Bayesian Modeling Workflow
Principled, iterative model building based on Gelman, Vehtari & McElreath (2025) and Gelman et al. (2020).
The Workflow
- Start simple — fit the simplest plausible model first
- Prior predictive check — verify priors produce plausible data (see SKILL.md § Prior Predictive)
- Fit and diagnose — check convergence before interpreting (see SKILL.md § Diagnostics)
- Posterior predictive check — find specific, interpretable misfits (see SKILL.md § Posterior Predictive)
- Expand and compare — add one piece of complexity, compare via LOO, repeat
Start Simple
Write the simplest model that could address the question. Fit it. Understand it before adding complexity.
- Grouped data: start with complete pooling (single intercept), then no pooling, then partial pooling
- Regression: start with one or two key predictors, not all of them
- Time series: start with a simple trend or random walk before adding seasonal or autoregressive structure
Complex models are understood in relation to simpler ones. Each expansion reveals what the added complexity buys. Computational problems are easier to diagnose in simple models.
Save results.nc immediately after your first successful sampling run.
Expand and Compare
Label each model explicitly (e.g., “Model 1: complete pooling”, “Model 2: partial pooling”) so the progression is clear.
Add ONE piece of complexity at a time. Fit the expanded model, diagnose, check posterior predictions, then compare:
# Compute log-likelihood if using nutpie
pm.compute_log_likelihood(idata_simple, model=model_simple)
pm.compute_log_likelihood(idata_complex, model=model_complex)
comparison = az.compare({
"simple": idata_simple,
"complex": idata_complex,
})
print(comparison[["rank", "elpd_loo", "elpd_diff", "se_diff", "weight"]])Decision rule: If two models have similar stacking weights, they are effectively equivalent.
Fit the expanded model even when you believe the simpler one is sufficient. The comparison itself is informative: - If the expansion doesn’t improve fit, you’ve demonstrated the simpler model is adequate - If it does improve fit, you’ve identified important structure - The difference between models tells you something about the data-generating process
Reporting the Workflow
Report the sequence of models, not just the final one. The modeling journey IS the analysis.
Summarize with a model progression table:
| Model | Description | ELPD_LOO | elpd_diff | weight |
|-------|-------------|----------|-----------|--------|
| Model 2 | Partial pooling | -222.2 | 0.0 | 0.91 |
| Model 1 | Complete pooling | -234.5 | -12.3 | 0.09 |
Include: prior predictive findings, posterior predictive misfits that motivated each expansion, model comparison results, final parameter estimates with 94% HDIs, and conclusions about what the data support.
Simulating Fake Data
For novel or complex model structures, simulate from your model with known parameter values before touching real data:
- Choose plausible parameter values (informed by domain knowledge)

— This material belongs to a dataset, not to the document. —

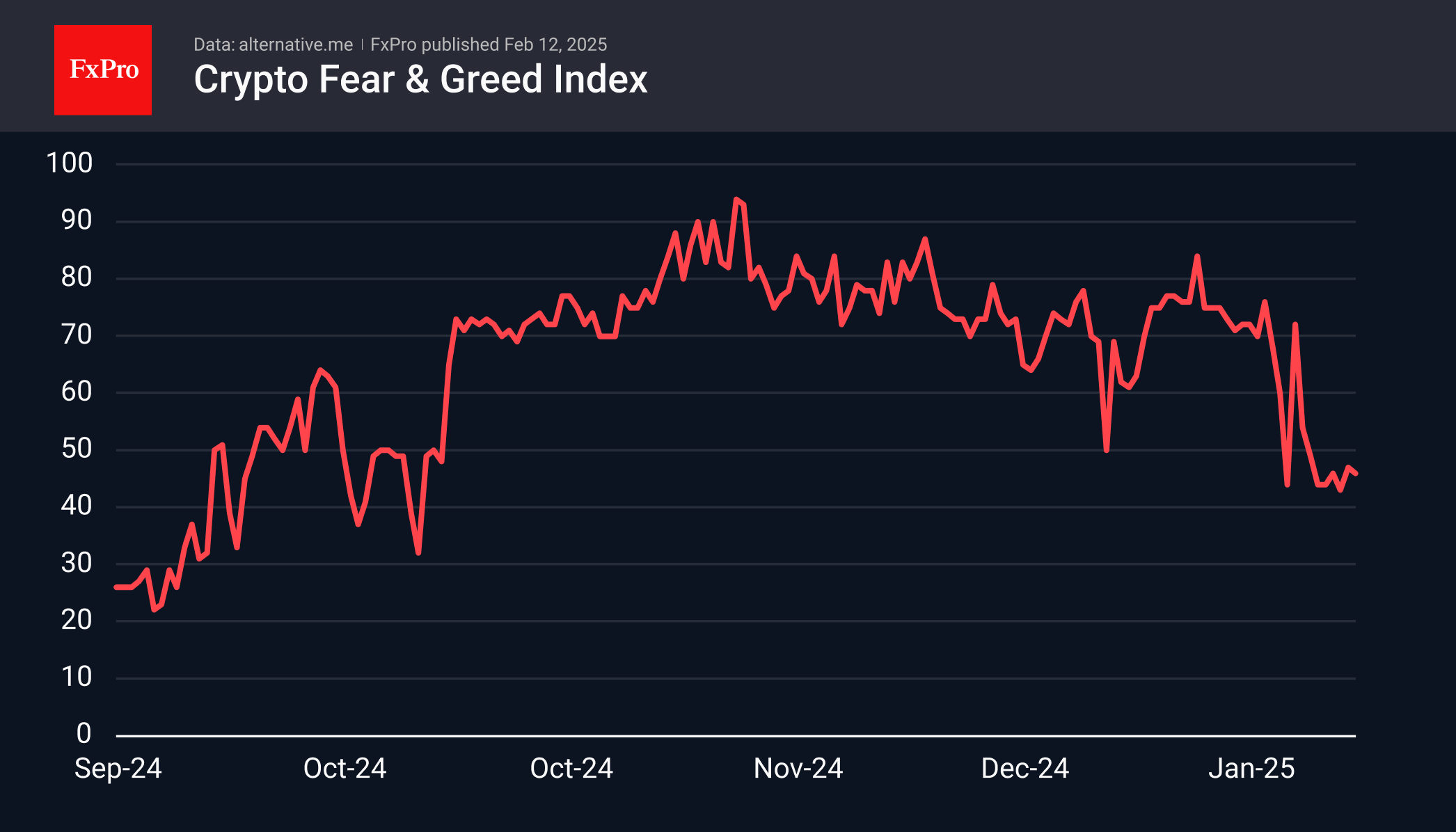 Криптовалютный индекс настроений курсирует между границами страха и нейтральной территории, потеряв 1 пункт до 46 к утру среды. По-прежнему, рынку не хватает страха, чтобы привлечь покупателей.
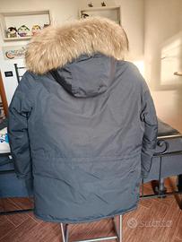 in perfette condizioni, caldo e impermeabile, ideale per climi rigidi, in piuma d'oca e pelliccia removibile, brand concorrente di Woolrich, taglia Small, io vesto Medium ma per questo modello ho dovuto prendere una Small.

- Simulate a dataset from the generative model
- Fit the model to simulated data
- Check: are the true parameters recovered within posterior intervals?
This catches specification bugs, non-identifiability, and prior-likelihood conflicts before real-data messiness obscures the picture. Most valuable for custom likelihoods, latent variable models, and models with complex indexing.
Hierarchical Build-Up
When building hierarchical models iteratively:
- Complete pooling — single intercept, ignoring group structure
- No pooling — group-specific intercepts, no sharing — compare to pooled
- Partial pooling — hierarchical intercepts — compare to both
- Varying slopes — allow slopes to vary by group if the question warrants it
- Group-level predictors — explain between-group variance
At each step, compare via LOO and check whether the added structure reduces between-group variance.
Compressed Storage
For large InferenceData objects (many draws, large posterior predictive):
# Compress with zlib (reduces file size 50-80%)
idata.to_netcdf(
"results/model_v1.nc",
engine="h5netcdf",
encoding={var: {"zlib": True, "complevel": 4}
for group in ["posterior", "posterior_predictive"]
if hasattr(idata, group)
for var in getattr(idata, group).data_vars}
)References
- Gelman, Vehtari, and McElreath (2025). “Statistical Workflow.” Philosophical Transactions of the Royal Society A.
- Gelman, Vehtari, Simpson, et al. (2020). “Bayesian Workflow.” arXiv:2011.01808.
- Gabry, Simpson, Vehtari, Betancourt, and Gelman (2019). “Visualization in Bayesian workflow.” JRSS A.